Instructions to follow
The pictures in the listing below are to be skipped, while the lines between the line holding "该模型的基本前提是,最合适的" and the line holding "S pracovnou plošinou", inclusive, are to be output exactly.

Records for this exercise
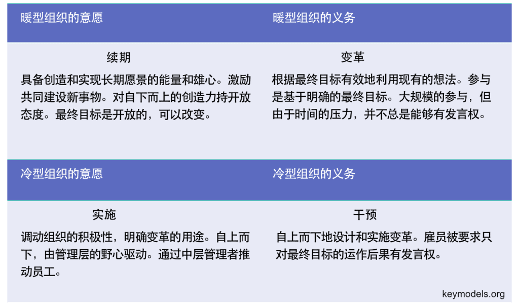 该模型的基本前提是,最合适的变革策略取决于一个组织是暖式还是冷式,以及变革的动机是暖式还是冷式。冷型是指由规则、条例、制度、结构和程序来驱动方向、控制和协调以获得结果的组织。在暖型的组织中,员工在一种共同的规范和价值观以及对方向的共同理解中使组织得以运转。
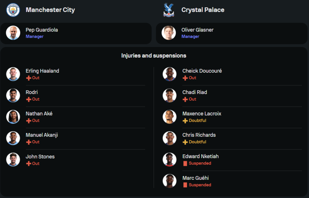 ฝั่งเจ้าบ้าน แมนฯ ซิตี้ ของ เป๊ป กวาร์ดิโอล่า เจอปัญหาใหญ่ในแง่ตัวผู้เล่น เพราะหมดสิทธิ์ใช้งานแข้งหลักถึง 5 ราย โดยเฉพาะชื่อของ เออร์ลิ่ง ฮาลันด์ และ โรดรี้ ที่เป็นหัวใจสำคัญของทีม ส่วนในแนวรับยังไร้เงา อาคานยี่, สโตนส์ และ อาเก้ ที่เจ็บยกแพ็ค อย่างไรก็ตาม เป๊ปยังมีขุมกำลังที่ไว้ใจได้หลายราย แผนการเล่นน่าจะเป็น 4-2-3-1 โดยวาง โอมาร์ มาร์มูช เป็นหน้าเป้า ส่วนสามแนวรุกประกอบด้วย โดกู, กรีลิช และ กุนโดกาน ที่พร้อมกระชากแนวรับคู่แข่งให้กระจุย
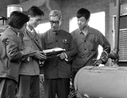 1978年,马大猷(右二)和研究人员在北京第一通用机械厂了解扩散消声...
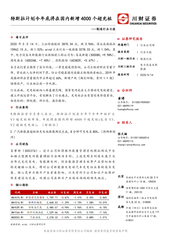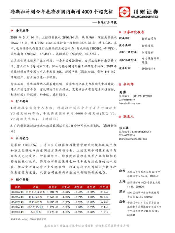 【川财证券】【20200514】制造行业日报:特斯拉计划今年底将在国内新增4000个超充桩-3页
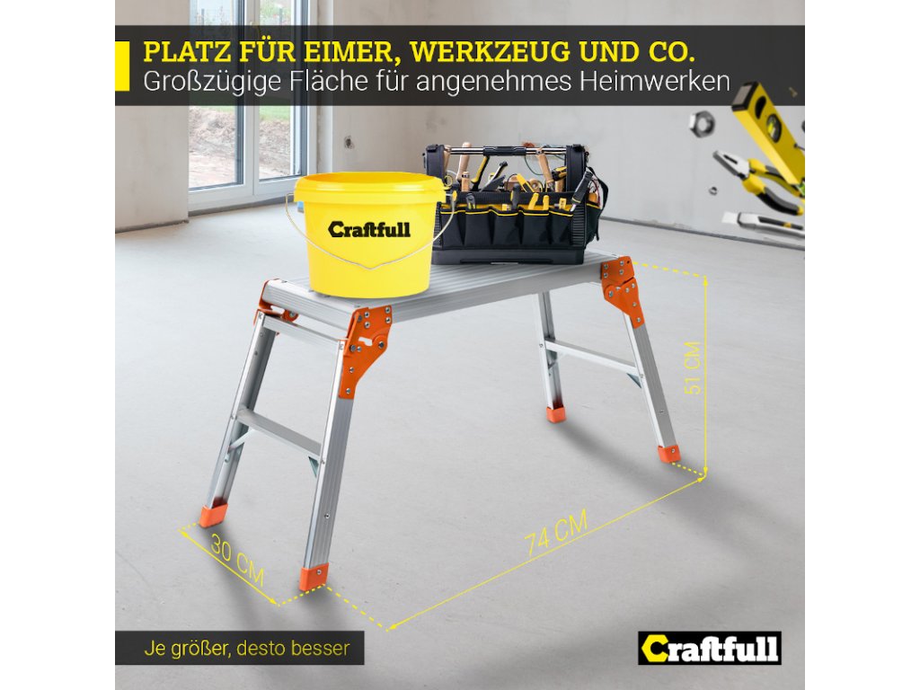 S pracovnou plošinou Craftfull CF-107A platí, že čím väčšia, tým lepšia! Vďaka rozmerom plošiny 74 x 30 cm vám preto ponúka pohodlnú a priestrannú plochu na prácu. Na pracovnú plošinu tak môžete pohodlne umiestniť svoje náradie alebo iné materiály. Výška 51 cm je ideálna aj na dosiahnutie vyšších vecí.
...
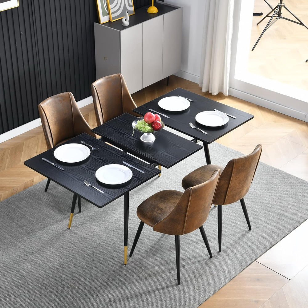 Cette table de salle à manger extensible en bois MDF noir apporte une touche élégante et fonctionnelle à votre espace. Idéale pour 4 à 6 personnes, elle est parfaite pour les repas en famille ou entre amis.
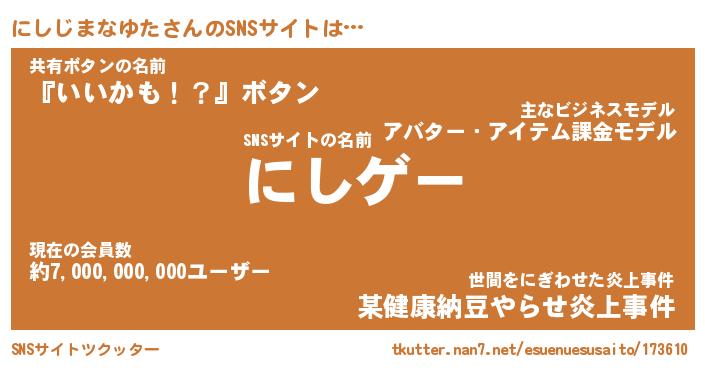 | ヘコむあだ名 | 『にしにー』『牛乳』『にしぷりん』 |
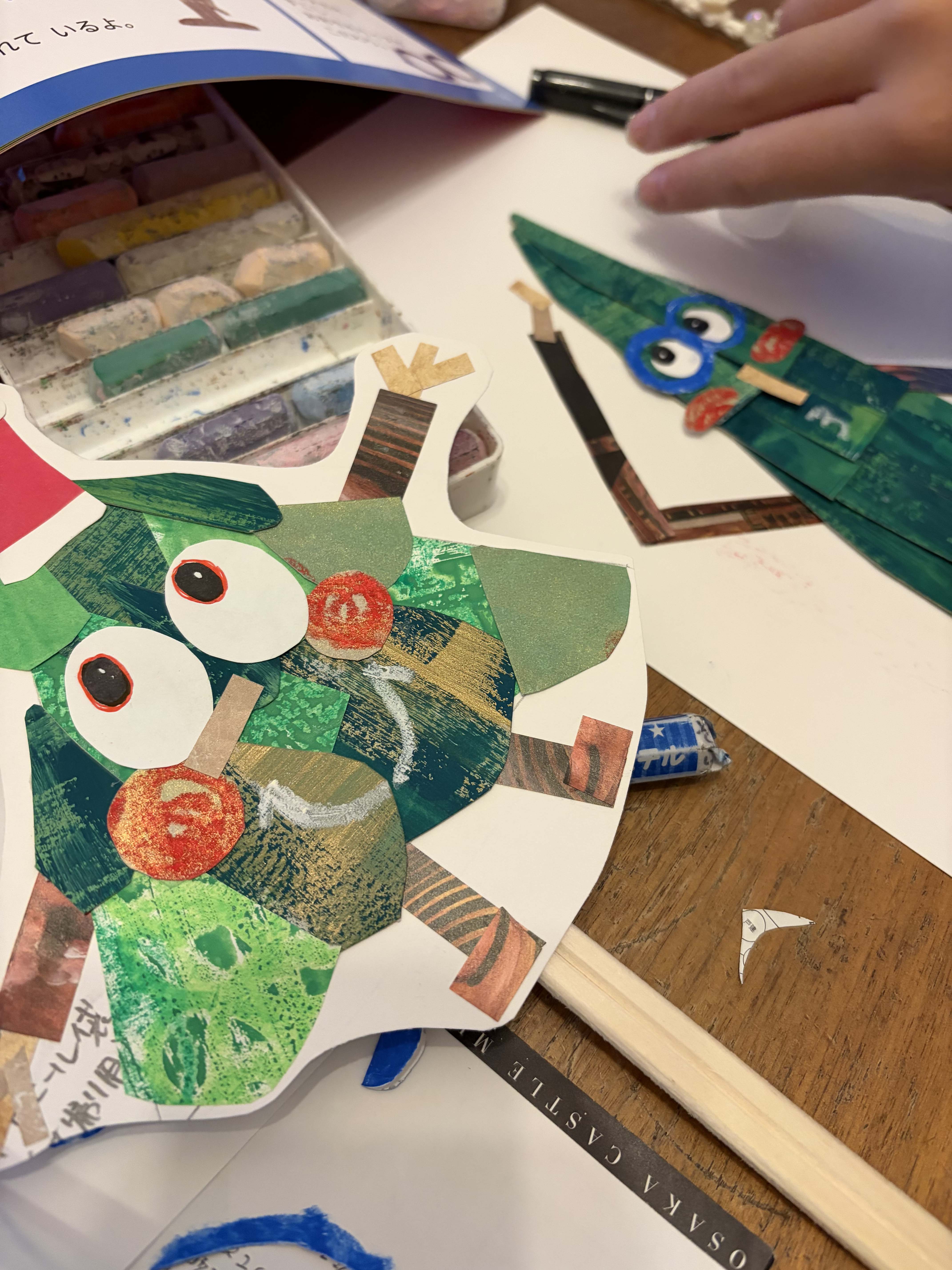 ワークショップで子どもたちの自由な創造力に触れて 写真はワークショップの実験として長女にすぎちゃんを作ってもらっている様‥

Solution
 该模型的基本前提是,最合适的变革策略取决于一个组织是暖式还是冷式,以及变革的动机是暖式还是冷式。冷型是指由规则、条例、制度、结构和程序来驱动方向、控制和协调以获得结果的组织。在暖型的组织中,员工在一种共同的规范和价值观以及对方向的共同理解中使组织得以运转。
 ฝั่งเจ้าบ้าน แมนฯ ซิตี้ ของ เป๊ป กวาร์ดิโอล่า เจอปัญหาใหญ่ในแง่ตัวผู้เล่น เพราะหมดสิทธิ์ใช้งานแข้งหลักถึง 5 ราย โดยเฉพาะชื่อของ เออร์ลิ่ง ฮาลันด์ และ โรดรี้ ที่เป็นหัวใจสำคัญของทีม ส่วนในแนวรับยังไร้เงา อาคานยี่, สโตนส์ และ อาเก้ ที่เจ็บยกแพ็ค อย่างไรก็ตาม เป๊ปยังมีขุมกำลังที่ไว้ใจได้หลายราย แผนการเล่นน่าจะเป็น 4-2-3-1 โดยวาง โอมาร์ มาร์มูช เป็นหน้าเป้า ส่วนสามแนวรุกประกอบด้วย โดกู, กรีลิช และ กุนโดกาน ที่พร้อมกระชากแนวรับคู่แข่งให้กระจุย
 1978年,马大猷(右二)和研究人员在北京第一通用机械厂了解扩散消声...
 【川财证券】【20200514】制造行业日报:特斯拉计划今年底将在国内新增4000个超充桩-3页
 S pracovnou plošinou Craftfull CF-107A platí, že čím väčšia, tým lepšia! Vďaka rozmerom plošiny 74 x 30 cm vám preto ponúka pohodlnú a priestrannú plochu na prácu. Na pracovnú plošinu tak môžete pohodlne umiestniť svoje náradie alebo iné materiály. Výška 51 cm je ideálna aj na dosiahnutie vyšších vecí.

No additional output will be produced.